This page describes conventions for specifying projection and view transforms in 3D graphics, especially when using my HTML 3D Library, and explains how the GL pipeline transforms vertices to help it draw triangles, lines, and other graphics primitives.

Download the latest version of the library at the HTML 3D Library's Releases page.

Contents

Introduction
Contents
The "Camera" and Geometric Transforms
  Overview of Transformations
Projection Transform
  Perspective Projection
    Demo
  Orthographic Projection
  Other Projections
View Transform
Vertex Coordinates in the Graphics System
Other Pages

The "Camera" and Geometric Transforms

The Batch3D class of the HTML 3D Library has a concept of a "projection transform" and a "view transform". If we use the concept of a "camera", the projection is like setting the camera's focus and lens, and the view transform is like setting its position and orientation. Batch3D has methods for setting all these attributes of this abstract "camera". Two of them are perspective() and setLookAt(), which are shown in the example below.

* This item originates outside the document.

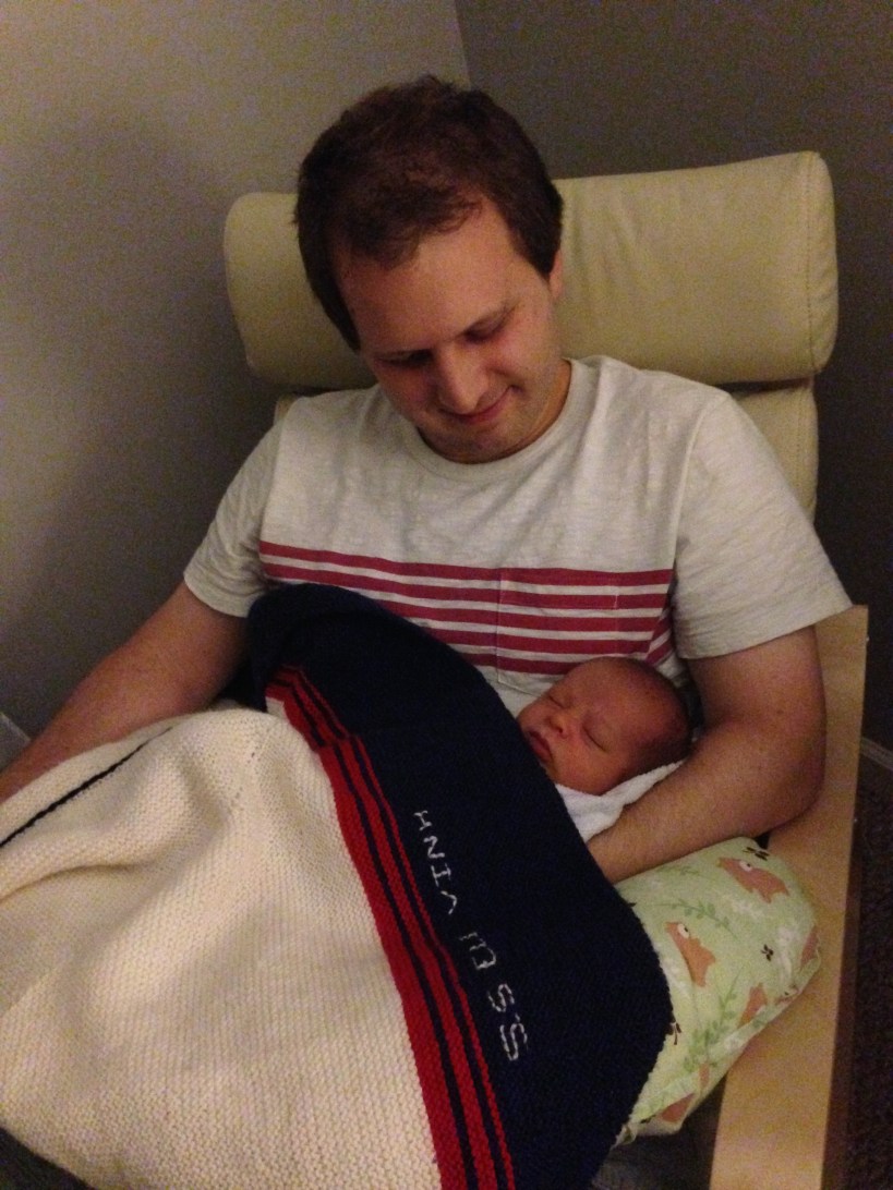 15 days old — Ben’s aunt gifted Eli with this beautiful hand-crocheted ship with “S.S. Eli Vinh” as its name. I love it! We got two more beautiful handmade quilts that I’ve been using for his night massages. I’ll put up a picture soon! 🙂

// Set the perspective view. Camera has a 45-degree field of view
// and will see objects from 0.1 to 100 units away.
batch3d.perspective(45,scene.getClientAspect(),0.1,100);
// Move the camera back 40 units.
batch3d.setLookAt([0,0,40]);
// Move the camera back 30 units instead, and turn it so it
// points at (0, 2, 0), that is, up 2 units.
batch3d.setLookAt([0,0,30], [0,2,0]);

Overview of Transformations

The HTML 3D library uses the following transformations:

As explained later on this page, however, these transformations and matrices are merely for the convenience of the library; all the graphics pipeline expects is the clip space coordinates of the things it draws. The pipeline uses those coordinates and their transformed window coordinates when rendering things on the screen.

Projection Transform

A projection matrix transforms coordinates in eye space to clip space.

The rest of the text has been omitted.